WHAT YOU NEED TO DO: Exclude the pictures, then repeat the remaining data exactly.

===== COLLECTED DATA

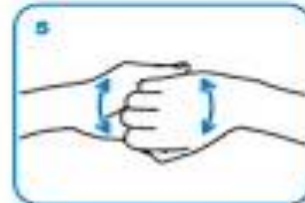
backs of fingers to opposing palms with fingers interlocked
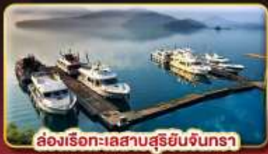
ล่องเรือทะเลสาบสุริยัมจินตรา
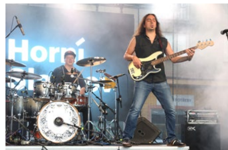
... navázal Tajfun ..

==========

RESPONSE AREA:
backs of fingers to opposing palms with fingers interlocked
ล่องเรือทะเลสาบสุริยัมจินตรา
... navázal Tajfun ..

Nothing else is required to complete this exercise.